Obrador Supporters Press for Vote Recount
ALEX CHADWICK, host:
Now to news from Mexico. Mexicans voted for president weeks ago, but the election fight continues even today. The ruling party candidate, Felipe Calderon, was declared the winner in a very close election. Still, Leftist candidate, Andres Manuel Lopez Obrador his supporters have refused to accept defeat. Today, protestors are camped out in Mexico's national capital demanding a full recount.
Michael O'Boyle reports from Mexico City.
(Soundbite of protestors)
MICHAEL O'BOYLE reporting:
It's 8:00 a.m. on Monday morning in the heart of the capital's financial district and this street would normally be jammed with rush hour traffic, but instead it's clogged with protestors. Supporters of Leftist candidate Andres Manual Lopez Obrador have blocked the road with cars and tents and strung up banners declaring their candidate president of Mexico.
Maria Elsa Ponso, a 52 year-old official in Lopez Obrador's Party of the Democratic Revolution, has been manning one of the blockades since last night.
Ms. MARIA PONSO (Party of the Democratic Revolution): (Through Translator) We want them clean up this election. They may have been able to fool us in the past, but not now. We want to see a vote-by-vote recount. Felipe Calderon doesn't want them to recount the vote because there is a fraud.
O'BOYLE: On Sunday, hundreds of thousands of Lopez Obrador's supporters poured onto the streets and into the capital's central plaza. The crowd ranged from young students to widowed housewives, and many were among Mexico's poorest. At the rally, Lopez Obrador repeated his allegations that he was robbed of the presidency by fraud. He called for continual protests until the nation's electoral court orders a full recount.

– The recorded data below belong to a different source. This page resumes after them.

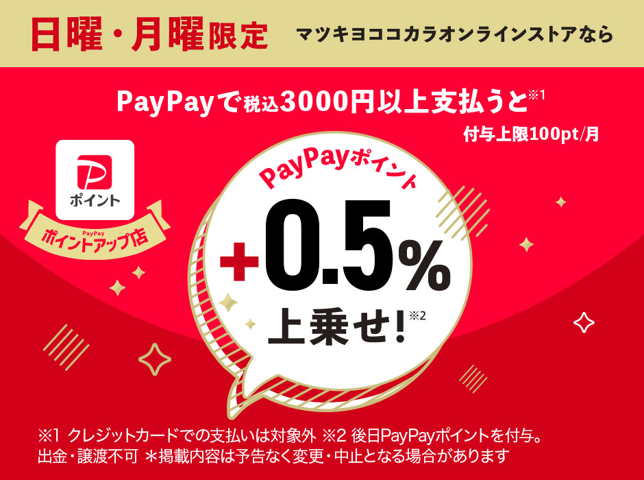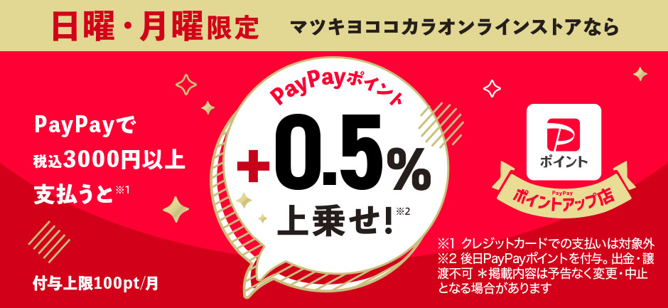日・月曜日限定 PayPayポイント+0.5%上乗せ!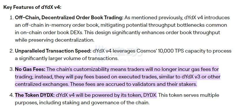 例如,最新的 dYdX v4 是在 Cosmos-SDK 驱动的链上实现的;它承诺交易者将不再支付交易的 gas 费;但费用将根据交易规模收取,模仿了中心化交易平台上的交易体验。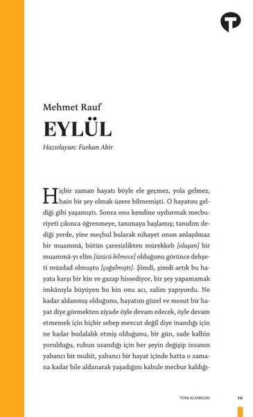 Türk edebiyatının ilk psikolojik romanı Eylül, evli bir kadın olan Suat'la Necip'in imkânsız aşkını konu edinir. Servet-i Fünun'un önde gelen yazarlarından Mehmet Rauf, mekânları ve mevsimleri de birer karaktere dönüştürüyor ve okuru sevgi sadakat, insan doğa, kadın erkek ilişkilerine dair sorular sormaya davet ediyor.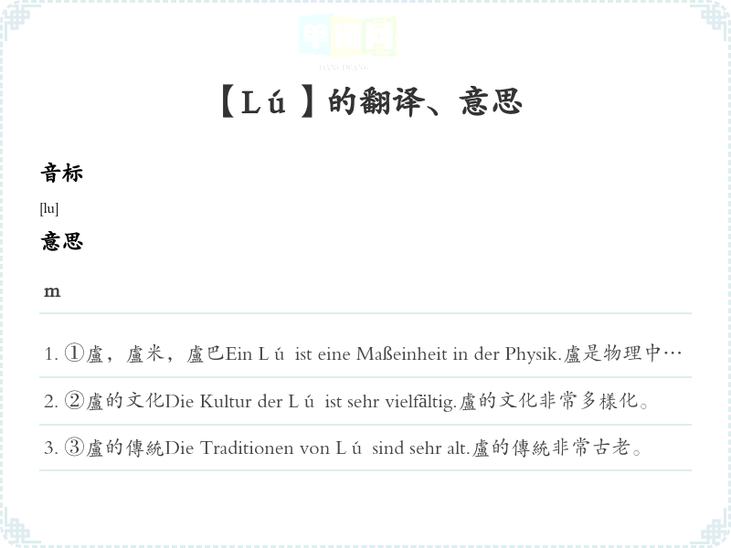 ①盧,盧米,盧巴Ein Lú ist eine Maßeinheit in der Physik.盧是物理中的一種單位。

Mr. ANDRES MANUEL LOPEZ OBRADOR (Presidential Candidate, Mexico): (Through Translator) I propose that we stay here. That we stay here day and night until they recount the votes and that we have a president-elect with the legal minimum that we Mexicans deserve. I inform you that I too will live in this place while we are in permanent assembly.
O'BOYLE: As Lopez Obrador was leading his rally in the plaza, his opponent, Calderon, was working to convince the court that a recount was unnecessary. He challenged the judges not to bow to Lopez Obrador's pressure tactics.
Mr. FELIPE CALDERON (Presidential Candidate, Mexico): (Through Translator) The judgment that Mexico should make is not if the election was democratic or not. It was. The criteria should be whether our differences about what happened will be resolved with mobilizations and pressures or with reason and the law. We believe in the force of reason and not in the reason of force.
O'BOYLE: Mexico has a long history of electoral fraud. But reforms during the last 15 years had established internationally respected electoral institutions here. International observers said Mexico's vote appeared fair. Now the disputed election will be decided by the nation's federal electoral tribunal. The court has until the end of August to deliberate and must declare a winner by September 6th.
For NPR News, I'm Michael O'Boyle in Mexico City.